**Action item**.
Begin at the line that holds "İsrail'de, ABD'nin İran'a" and copy each line exactly until the data below ends, including that last line but no pictures.

**Supplied material**.

━━━

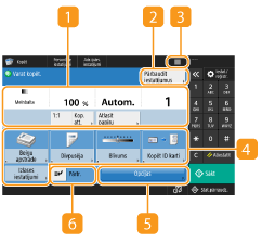 Tiek parādīts iestatījumu statuss, tostarp kopēšanas koeficients, papīra formāts un kopiju skaits. Pārbaudiet iestatījumus, lai kopēšana tiktu veikta pienācīgi. Lai mainītu iestatījumus, nospiediet pogu zem ekrāna daļas.
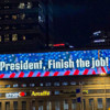İsrail'de, ABD'nin İran'a yönelik saldırılara katılmasını sağlamak amacıyla yürütülen kamuoyu kampanyası kapsamında, ABD Başkanı Donald Trump’a hitaben "Bay Başkan, işi bitir" yazılı bir pankart asıldı.
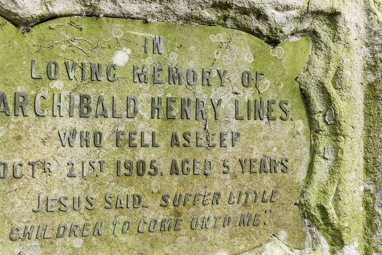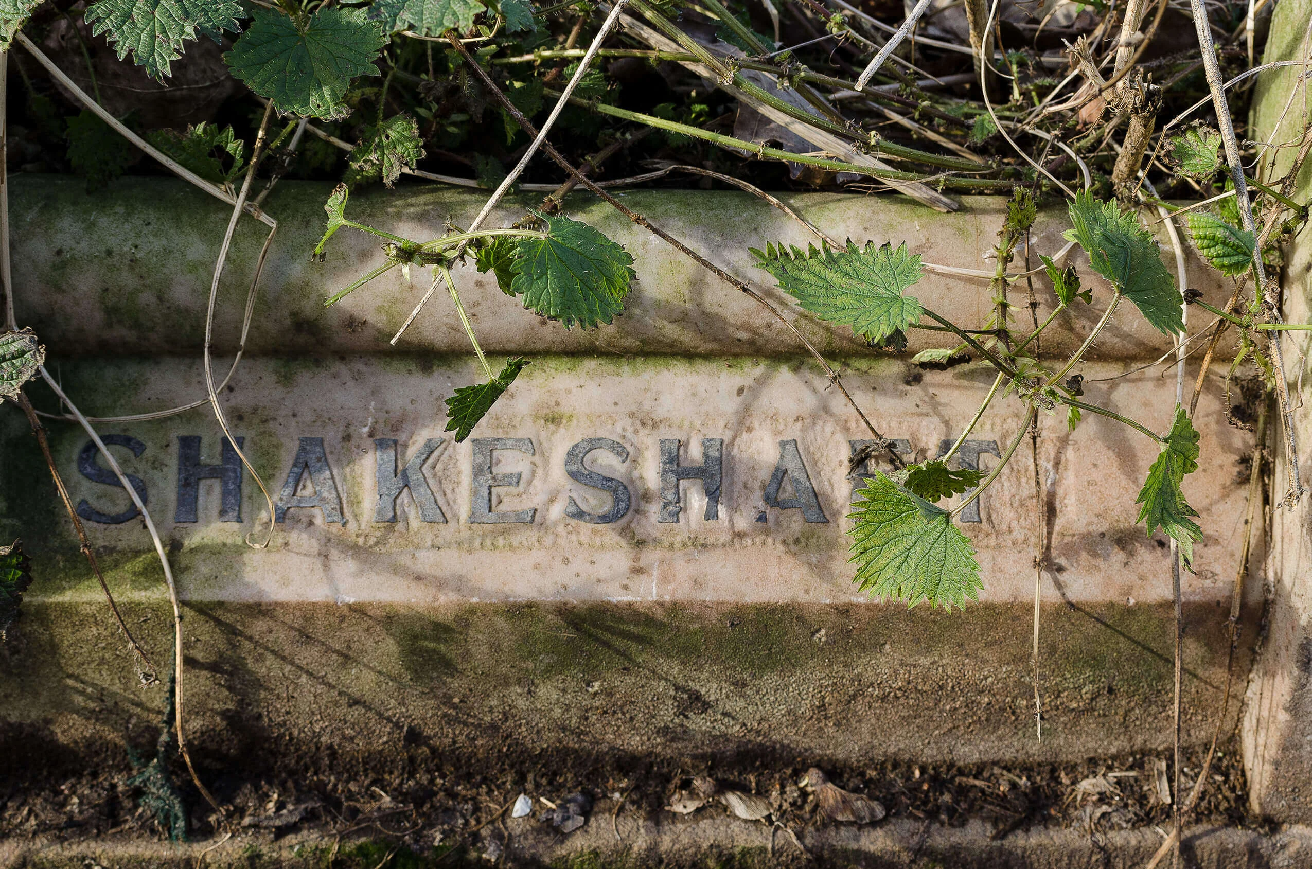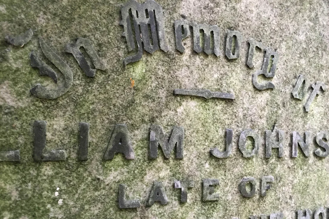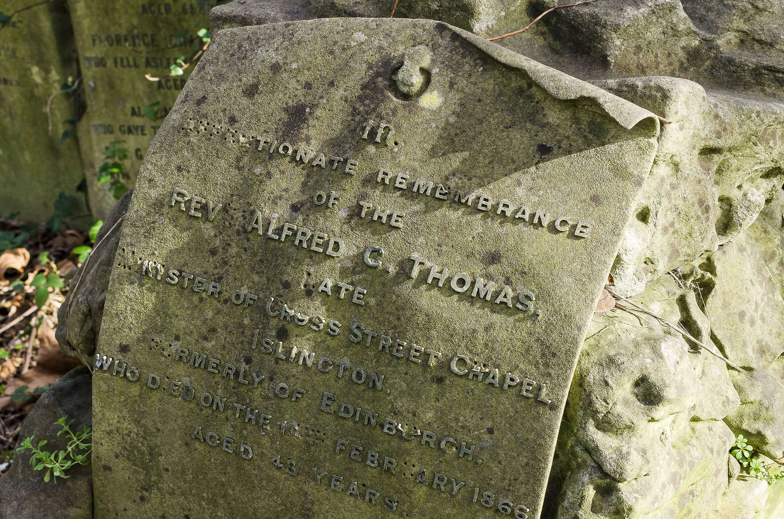 At Ramshorn Graveyard in Glasgow, an inverse phenomenon can be observed. Here, gravestones laid flat into the ground develop a distinctive typographic effect over time, as moss colonises the recessed lettering.

━━━

**Answer to this exercise**.
İsrail'de, ABD'nin İran'a yönelik saldırılara katılmasını sağlamak amacıyla yürütülen kamuoyu kampanyası kapsamında, ABD Başkanı Donald Trump’a hitaben "Bay Başkan, işi bitir" yazılı bir pankart asıldı.
 At Ramshorn Graveyard in Glasgow, an inverse phenomenon can be observed. Here, gravestones laid flat into the ground develop a distinctive typographic effect over time, as moss colonises the recessed lettering.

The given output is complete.